[Data extracted from a collection]
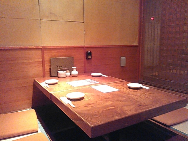 当店【旬魚 ゆるり】はB1Fに入口があり、靴箱に靴を入れて店内に入ります。訪問日は平日の早い時間だったのでお客の入りは3割程度です。ご主人には訳あり(接待的な事情)を話していたので、B2Fの半個室的なスペースに案内されました。比較的広く席をとってあるため居心地が良い場所です。
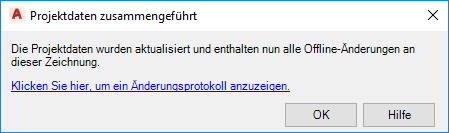 Dialogfeld Projektdaten zusammengeführt
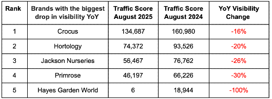 Additionally, Hortology (20%) and Jackson Nurseries (26%) experienced turbulent years, while Hayes Garden World lost 100% of its visibility, following a site migration in early 2025.
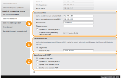 Wprowadzony w programie Bonjour protokół mDNS (system DNS w trybie multiemisji) kojarzy nazwę hosta z adresem IP bez korzystania z usługi DNS. Aby włączyć protokół mDNS, należy zaznaczyć odpowiednie pole wyboru i wprowadzić nazwę mDNS w polu tekstowym [Nazwa mDNS]. [Ustawienia opcji DHCP][Uzyskaj nazwę hosta]
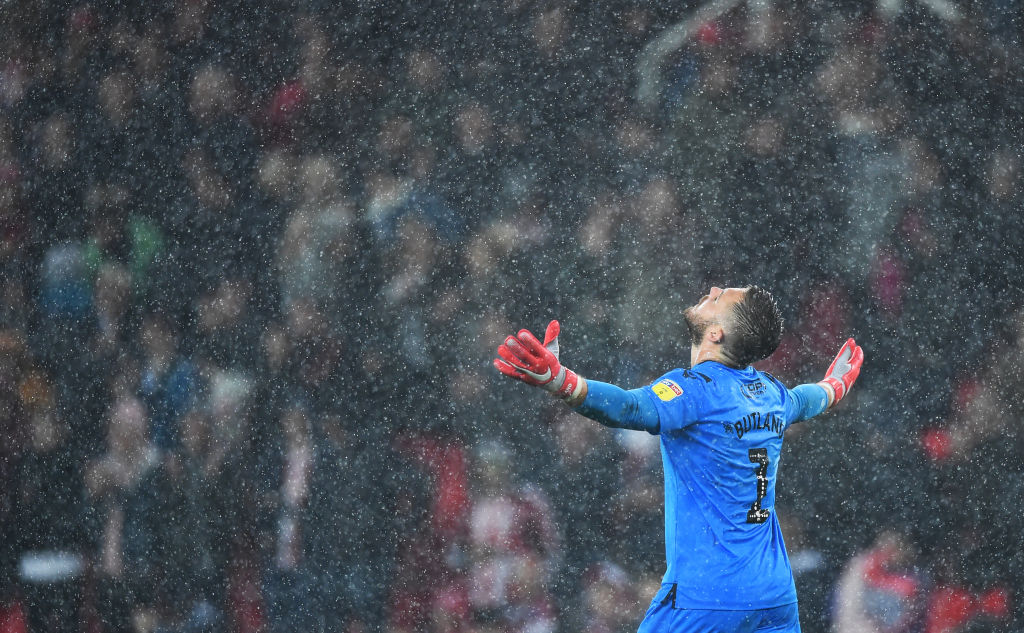 Portieri i Stoke Cityt, Jack Butland, duke iu gëzuar fitores ndaj Swansea Cityt në stadiumin Bet365 (Foto: Nathan Stirk/Getty Images/Guliver)
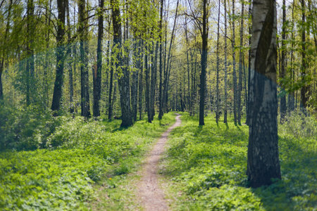 Bright green forest natural walkway in sunny day light. Sunshine forest trees. Sun through vivid green forest. Peaceful forest with sunlight. Forest in light. Summer forest. Green forest nature
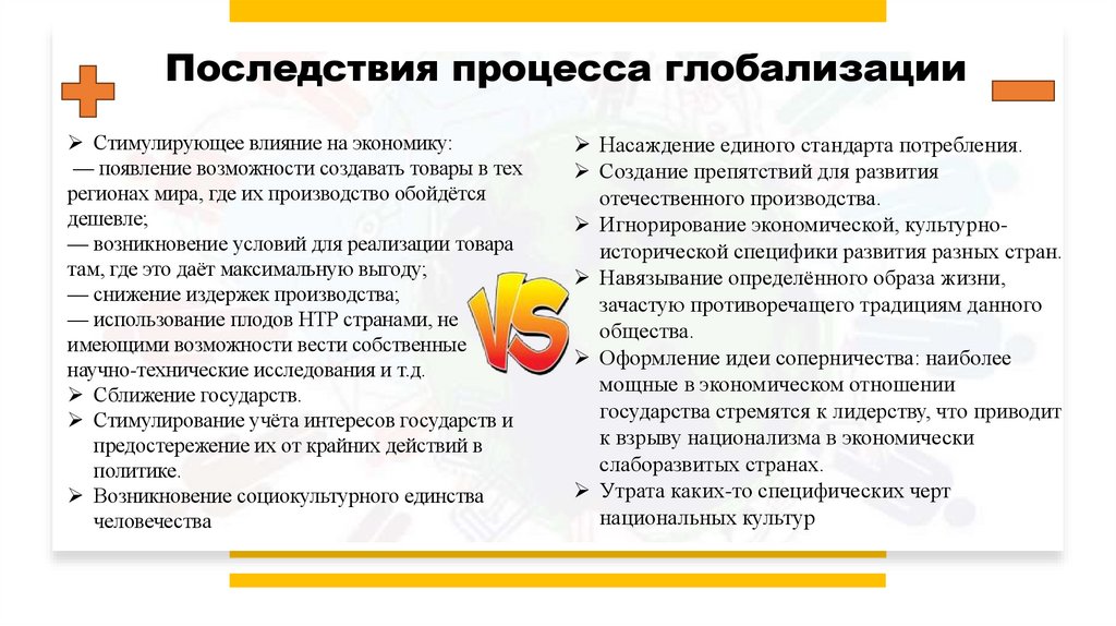 Последствия процесса глобализацииСтимулирующее влияние на экономику:

# Your task
Write out exactly and only the lines that run from the start of the data above through the line containing "Additionally, Hortology (20%)", leaving the pictures out.

# Answer
 当店【旬魚 ゆるり】はB1Fに入口があり、靴箱に靴を入れて店内に入ります。訪問日は平日の早い時間だったのでお客の入りは3割程度です。ご主人には訳あり(接待的な事情)を話していたので、B2Fの半個室的なスペースに案内されました。比較的広く席をとってあるため居心地が良い場所です。
 Dialogfeld Projektdaten zusammengeführt
 Additionally, Hortology (20%) and Jackson Nurseries (26%) experienced turbulent years, while Hayes Garden World lost 100% of its visibility, following a site migration in early 2025.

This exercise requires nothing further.